Below are the entries; give again exactly the lines from the one mentioning "Cheese fondue is" through the one mentioning "Trakya Üniversitesi’nde 2023/2024", inclusive.

[Records from a data collection]
%%

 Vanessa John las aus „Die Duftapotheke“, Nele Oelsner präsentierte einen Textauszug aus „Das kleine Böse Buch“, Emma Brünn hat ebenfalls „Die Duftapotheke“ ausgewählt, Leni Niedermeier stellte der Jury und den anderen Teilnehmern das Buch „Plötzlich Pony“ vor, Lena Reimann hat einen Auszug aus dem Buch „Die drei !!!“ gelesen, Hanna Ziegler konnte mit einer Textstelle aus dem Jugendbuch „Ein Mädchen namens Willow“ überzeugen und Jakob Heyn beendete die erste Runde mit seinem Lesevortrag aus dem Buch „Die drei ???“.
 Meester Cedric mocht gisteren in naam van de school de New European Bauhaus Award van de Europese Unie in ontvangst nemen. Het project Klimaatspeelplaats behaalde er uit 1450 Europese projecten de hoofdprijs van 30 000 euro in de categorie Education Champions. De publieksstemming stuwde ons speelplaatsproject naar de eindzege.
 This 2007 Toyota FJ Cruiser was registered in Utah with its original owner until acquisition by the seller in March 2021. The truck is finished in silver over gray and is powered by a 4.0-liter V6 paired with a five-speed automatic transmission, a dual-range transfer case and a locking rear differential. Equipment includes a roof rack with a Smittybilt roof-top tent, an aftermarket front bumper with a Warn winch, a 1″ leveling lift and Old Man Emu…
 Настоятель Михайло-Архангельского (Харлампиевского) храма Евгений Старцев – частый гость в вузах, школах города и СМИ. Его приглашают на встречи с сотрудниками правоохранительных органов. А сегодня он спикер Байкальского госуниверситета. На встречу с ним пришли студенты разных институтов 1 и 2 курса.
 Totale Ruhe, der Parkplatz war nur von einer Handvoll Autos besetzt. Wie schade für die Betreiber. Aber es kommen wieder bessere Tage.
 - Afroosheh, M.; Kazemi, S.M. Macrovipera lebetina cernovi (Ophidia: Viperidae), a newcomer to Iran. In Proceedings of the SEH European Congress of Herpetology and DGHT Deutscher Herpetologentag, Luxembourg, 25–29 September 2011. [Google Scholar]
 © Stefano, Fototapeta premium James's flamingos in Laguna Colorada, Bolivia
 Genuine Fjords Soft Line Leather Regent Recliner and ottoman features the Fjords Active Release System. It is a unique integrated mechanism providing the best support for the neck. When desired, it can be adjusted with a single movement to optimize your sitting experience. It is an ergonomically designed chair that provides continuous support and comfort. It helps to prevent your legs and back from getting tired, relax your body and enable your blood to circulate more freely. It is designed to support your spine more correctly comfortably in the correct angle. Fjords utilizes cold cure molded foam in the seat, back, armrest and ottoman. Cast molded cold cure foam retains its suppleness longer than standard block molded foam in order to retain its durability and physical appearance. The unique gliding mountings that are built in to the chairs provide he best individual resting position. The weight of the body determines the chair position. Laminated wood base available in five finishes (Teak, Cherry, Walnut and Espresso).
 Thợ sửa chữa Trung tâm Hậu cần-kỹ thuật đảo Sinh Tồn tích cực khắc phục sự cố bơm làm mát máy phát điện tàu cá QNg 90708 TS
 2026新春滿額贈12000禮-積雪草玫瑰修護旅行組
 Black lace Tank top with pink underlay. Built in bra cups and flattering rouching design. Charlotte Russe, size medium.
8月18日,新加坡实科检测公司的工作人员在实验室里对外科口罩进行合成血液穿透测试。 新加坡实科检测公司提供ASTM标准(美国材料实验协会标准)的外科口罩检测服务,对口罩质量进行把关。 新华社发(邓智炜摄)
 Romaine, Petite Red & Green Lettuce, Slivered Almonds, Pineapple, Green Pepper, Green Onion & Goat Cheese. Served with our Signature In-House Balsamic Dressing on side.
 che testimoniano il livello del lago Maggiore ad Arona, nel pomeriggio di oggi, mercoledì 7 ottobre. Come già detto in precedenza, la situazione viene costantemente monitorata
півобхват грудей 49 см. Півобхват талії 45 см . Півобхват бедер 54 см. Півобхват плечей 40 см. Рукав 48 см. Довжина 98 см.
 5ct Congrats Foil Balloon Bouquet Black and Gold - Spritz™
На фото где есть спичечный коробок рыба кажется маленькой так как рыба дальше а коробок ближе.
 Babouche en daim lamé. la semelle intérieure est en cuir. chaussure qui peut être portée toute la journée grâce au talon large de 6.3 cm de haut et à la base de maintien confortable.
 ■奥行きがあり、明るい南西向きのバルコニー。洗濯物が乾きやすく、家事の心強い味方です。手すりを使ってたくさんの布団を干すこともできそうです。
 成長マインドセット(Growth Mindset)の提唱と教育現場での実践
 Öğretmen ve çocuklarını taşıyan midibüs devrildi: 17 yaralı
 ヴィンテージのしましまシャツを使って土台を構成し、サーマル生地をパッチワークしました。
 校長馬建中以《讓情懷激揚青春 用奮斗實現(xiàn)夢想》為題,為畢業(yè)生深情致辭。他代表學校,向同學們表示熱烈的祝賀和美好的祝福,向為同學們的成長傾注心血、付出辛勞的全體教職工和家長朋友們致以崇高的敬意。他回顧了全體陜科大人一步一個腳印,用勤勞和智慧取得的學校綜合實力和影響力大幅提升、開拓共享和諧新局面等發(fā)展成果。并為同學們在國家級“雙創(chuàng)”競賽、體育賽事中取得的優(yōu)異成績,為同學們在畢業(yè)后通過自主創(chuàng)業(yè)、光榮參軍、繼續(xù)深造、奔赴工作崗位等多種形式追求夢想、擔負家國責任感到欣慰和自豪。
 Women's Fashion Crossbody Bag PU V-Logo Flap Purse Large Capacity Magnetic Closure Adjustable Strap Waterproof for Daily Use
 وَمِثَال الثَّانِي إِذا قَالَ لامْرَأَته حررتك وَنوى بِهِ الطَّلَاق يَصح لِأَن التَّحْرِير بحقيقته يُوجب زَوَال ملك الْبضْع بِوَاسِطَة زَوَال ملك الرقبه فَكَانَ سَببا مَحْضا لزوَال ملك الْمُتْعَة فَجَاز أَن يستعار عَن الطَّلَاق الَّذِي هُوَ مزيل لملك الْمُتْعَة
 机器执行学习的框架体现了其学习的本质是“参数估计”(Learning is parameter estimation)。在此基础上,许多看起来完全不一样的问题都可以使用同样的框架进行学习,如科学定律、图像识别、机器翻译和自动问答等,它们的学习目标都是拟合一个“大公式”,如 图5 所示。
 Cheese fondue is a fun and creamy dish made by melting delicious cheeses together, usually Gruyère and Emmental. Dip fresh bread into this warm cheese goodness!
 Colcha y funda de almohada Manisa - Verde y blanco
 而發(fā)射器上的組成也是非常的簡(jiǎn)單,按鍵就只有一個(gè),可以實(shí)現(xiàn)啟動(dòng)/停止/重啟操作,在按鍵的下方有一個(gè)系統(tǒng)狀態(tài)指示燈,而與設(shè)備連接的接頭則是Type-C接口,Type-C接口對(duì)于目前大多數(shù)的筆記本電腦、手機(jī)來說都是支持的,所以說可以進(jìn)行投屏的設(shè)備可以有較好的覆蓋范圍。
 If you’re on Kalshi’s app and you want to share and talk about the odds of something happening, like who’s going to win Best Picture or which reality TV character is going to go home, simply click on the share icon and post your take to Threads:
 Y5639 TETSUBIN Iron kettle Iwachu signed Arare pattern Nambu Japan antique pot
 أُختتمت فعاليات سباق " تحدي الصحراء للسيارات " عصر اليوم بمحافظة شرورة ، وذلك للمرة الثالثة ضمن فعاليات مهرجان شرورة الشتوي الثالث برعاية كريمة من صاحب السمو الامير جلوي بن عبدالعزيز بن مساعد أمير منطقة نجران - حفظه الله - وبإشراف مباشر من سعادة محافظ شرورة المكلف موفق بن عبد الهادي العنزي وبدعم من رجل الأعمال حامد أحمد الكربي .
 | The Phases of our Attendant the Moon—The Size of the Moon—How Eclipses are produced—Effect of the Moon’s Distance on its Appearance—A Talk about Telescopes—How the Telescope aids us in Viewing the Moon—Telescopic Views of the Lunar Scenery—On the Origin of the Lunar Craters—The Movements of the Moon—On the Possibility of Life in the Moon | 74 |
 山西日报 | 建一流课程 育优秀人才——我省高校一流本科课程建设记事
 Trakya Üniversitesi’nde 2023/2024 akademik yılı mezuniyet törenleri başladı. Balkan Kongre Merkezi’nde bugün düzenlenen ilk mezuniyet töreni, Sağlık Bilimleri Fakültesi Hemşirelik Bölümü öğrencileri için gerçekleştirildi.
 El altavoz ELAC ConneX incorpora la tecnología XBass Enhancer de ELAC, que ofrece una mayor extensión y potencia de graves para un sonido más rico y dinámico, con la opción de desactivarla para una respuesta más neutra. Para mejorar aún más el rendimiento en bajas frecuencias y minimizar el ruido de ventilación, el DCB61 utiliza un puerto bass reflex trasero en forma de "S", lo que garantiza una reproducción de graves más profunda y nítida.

%%

[RESULT]:
 Cheese fondue is a fun and creamy dish made by melting delicious cheeses together, usually Gruyère and Emmental. Dip fresh bread into this warm cheese goodness!
 Colcha y funda de almohada Manisa - Verde y blanco
 而發(fā)射器上的組成也是非常的簡(jiǎn)單,按鍵就只有一個(gè),可以實(shí)現(xiàn)啟動(dòng)/停止/重啟操作,在按鍵的下方有一個(gè)系統(tǒng)狀態(tài)指示燈,而與設(shè)備連接的接頭則是Type-C接口,Type-C接口對(duì)于目前大多數(shù)的筆記本電腦、手機(jī)來說都是支持的,所以說可以進(jìn)行投屏的設(shè)備可以有較好的覆蓋范圍。
 If you’re on Kalshi’s app and you want to share and talk about the odds of something happening, like who’s going to win Best Picture or which reality TV character is going to go home, simply click on the share icon and post your take to Threads:
 Y5639 TETSUBIN Iron kettle Iwachu signed Arare pattern Nambu Japan antique pot
 أُختتمت فعاليات سباق " تحدي الصحراء للسيارات " عصر اليوم بمحافظة شرورة ، وذلك للمرة الثالثة ضمن فعاليات مهرجان شرورة الشتوي الثالث برعاية كريمة من صاحب السمو الامير جلوي بن عبدالعزيز بن مساعد أمير منطقة نجران - حفظه الله - وبإشراف مباشر من سعادة محافظ شرورة المكلف موفق بن عبد الهادي العنزي وبدعم من رجل الأعمال حامد أحمد الكربي .
 | The Phases of our Attendant the Moon—The Size of the Moon—How Eclipses are produced—Effect of the Moon’s Distance on its Appearance—A Talk about Telescopes—How the Telescope aids us in Viewing the Moon—Telescopic Views of the Lunar Scenery—On the Origin of the Lunar Craters—The Movements of the Moon—On the Possibility of Life in the Moon | 74 |
 山西日报 | 建一流课程 育优秀人才——我省高校一流本科课程建设记事
 Trakya Üniversitesi’nde 2023/2024 akademik yılı mezuniyet törenleri başladı. Balkan Kongre Merkezi’nde bugün düzenlenen ilk mezuniyet töreni, Sağlık Bilimleri Fakültesi Hemşirelik Bölümü öğrencileri için gerçekleştirildi.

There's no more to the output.